▸ **TASK TO COMPLETE**: Copy the lines exactly. Begin at the first line of the data and stop after the line with "A beautiful silver".

====== INFORMATION SUPPLIED ======

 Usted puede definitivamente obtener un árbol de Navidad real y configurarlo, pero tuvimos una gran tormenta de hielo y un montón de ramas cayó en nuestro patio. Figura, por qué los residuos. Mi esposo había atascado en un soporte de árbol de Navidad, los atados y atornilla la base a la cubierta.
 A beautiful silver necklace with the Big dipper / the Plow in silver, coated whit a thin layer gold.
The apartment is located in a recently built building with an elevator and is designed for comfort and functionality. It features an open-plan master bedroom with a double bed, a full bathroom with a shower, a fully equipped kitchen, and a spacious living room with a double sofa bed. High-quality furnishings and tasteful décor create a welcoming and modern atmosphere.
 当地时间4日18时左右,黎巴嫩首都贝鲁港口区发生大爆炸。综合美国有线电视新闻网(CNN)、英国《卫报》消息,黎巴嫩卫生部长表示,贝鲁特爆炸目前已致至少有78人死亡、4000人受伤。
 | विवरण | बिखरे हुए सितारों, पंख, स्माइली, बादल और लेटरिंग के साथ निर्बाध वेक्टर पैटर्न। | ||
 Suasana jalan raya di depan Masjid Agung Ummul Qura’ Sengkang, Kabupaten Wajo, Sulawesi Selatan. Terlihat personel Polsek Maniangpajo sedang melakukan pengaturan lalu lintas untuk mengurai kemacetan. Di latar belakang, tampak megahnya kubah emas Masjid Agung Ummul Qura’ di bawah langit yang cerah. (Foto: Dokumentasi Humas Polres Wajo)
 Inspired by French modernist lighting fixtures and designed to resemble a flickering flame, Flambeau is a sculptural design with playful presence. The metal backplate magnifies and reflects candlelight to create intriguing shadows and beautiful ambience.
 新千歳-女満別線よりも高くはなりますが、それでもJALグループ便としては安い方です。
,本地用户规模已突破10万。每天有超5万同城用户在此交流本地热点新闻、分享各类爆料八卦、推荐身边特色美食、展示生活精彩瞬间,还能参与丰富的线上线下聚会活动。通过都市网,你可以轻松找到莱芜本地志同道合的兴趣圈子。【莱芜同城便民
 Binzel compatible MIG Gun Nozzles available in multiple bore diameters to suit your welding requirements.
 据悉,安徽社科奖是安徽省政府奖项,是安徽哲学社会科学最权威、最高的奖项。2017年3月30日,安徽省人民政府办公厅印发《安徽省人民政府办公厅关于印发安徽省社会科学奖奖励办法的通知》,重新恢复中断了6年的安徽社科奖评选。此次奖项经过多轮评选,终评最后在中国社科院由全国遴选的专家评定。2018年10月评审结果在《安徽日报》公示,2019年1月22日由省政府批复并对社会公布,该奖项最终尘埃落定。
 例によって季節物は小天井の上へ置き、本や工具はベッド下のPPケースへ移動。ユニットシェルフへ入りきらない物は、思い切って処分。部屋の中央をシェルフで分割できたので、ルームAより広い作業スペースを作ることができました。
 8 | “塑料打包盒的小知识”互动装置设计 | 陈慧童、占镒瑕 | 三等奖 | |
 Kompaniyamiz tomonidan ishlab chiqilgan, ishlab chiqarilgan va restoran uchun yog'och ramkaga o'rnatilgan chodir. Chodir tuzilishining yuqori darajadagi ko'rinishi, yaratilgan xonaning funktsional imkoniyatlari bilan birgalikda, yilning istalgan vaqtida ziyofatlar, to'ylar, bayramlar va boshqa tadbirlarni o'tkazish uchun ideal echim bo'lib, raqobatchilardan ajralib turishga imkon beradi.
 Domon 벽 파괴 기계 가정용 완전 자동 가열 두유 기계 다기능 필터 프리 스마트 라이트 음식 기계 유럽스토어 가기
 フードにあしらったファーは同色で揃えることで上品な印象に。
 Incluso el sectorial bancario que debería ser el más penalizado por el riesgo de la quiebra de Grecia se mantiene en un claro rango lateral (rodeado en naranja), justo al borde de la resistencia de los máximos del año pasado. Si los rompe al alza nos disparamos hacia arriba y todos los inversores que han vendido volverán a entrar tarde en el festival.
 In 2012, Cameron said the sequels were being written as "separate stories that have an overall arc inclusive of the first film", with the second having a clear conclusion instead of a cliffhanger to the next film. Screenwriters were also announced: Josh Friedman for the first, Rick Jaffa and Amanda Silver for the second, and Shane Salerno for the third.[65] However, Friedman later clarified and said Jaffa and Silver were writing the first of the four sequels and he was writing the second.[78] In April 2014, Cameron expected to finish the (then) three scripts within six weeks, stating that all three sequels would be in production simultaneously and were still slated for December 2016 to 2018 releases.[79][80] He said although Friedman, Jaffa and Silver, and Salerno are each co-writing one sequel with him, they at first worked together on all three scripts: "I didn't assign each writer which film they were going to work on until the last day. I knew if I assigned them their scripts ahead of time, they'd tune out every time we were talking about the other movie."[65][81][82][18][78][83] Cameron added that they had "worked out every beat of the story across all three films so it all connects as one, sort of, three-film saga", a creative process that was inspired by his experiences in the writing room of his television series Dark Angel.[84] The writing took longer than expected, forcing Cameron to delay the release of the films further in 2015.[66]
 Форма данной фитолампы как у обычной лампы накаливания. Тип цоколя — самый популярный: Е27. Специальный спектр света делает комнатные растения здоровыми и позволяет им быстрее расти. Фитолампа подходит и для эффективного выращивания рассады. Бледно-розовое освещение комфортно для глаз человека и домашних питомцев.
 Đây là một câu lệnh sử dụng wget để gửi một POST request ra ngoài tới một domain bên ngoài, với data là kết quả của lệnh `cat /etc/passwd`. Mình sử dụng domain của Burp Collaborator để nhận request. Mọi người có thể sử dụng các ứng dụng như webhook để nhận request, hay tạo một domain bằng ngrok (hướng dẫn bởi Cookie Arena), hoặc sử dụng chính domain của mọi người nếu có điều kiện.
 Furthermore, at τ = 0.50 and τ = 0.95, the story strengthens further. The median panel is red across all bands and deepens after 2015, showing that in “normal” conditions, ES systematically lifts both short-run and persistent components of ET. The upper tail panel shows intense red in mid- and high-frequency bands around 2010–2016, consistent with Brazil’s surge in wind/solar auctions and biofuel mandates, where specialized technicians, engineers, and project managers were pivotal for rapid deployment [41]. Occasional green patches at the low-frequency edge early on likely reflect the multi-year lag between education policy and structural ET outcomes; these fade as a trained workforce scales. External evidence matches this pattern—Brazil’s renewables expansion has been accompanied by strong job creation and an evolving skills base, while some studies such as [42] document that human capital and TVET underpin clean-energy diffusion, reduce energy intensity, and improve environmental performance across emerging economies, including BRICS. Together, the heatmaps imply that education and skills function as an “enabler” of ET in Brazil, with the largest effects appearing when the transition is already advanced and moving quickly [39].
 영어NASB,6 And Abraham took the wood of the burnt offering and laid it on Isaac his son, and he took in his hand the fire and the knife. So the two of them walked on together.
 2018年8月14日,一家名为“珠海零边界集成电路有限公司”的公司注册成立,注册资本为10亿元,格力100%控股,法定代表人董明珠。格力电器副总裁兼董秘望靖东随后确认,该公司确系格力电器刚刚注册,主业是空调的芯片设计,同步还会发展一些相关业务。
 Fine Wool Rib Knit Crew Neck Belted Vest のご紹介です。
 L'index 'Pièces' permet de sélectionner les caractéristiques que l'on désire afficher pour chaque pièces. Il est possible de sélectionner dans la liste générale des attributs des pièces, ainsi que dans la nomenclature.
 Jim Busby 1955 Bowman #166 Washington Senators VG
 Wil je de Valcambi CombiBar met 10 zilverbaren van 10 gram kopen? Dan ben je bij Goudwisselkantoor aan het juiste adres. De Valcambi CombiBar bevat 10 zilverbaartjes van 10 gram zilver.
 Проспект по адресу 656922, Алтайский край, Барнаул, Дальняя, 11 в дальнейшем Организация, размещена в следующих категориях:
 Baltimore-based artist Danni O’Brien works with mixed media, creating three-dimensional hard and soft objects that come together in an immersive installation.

======

▸ **RESPONSE TO THIS EXERCISE**:
 Usted puede definitivamente obtener un árbol de Navidad real y configurarlo, pero tuvimos una gran tormenta de hielo y un montón de ramas cayó en nuestro patio. Figura, por qué los residuos. Mi esposo había atascado en un soporte de árbol de Navidad, los atados y atornilla la base a la cubierta.
 A beautiful silver necklace with the Big dipper / the Plow in silver, coated whit a thin layer gold.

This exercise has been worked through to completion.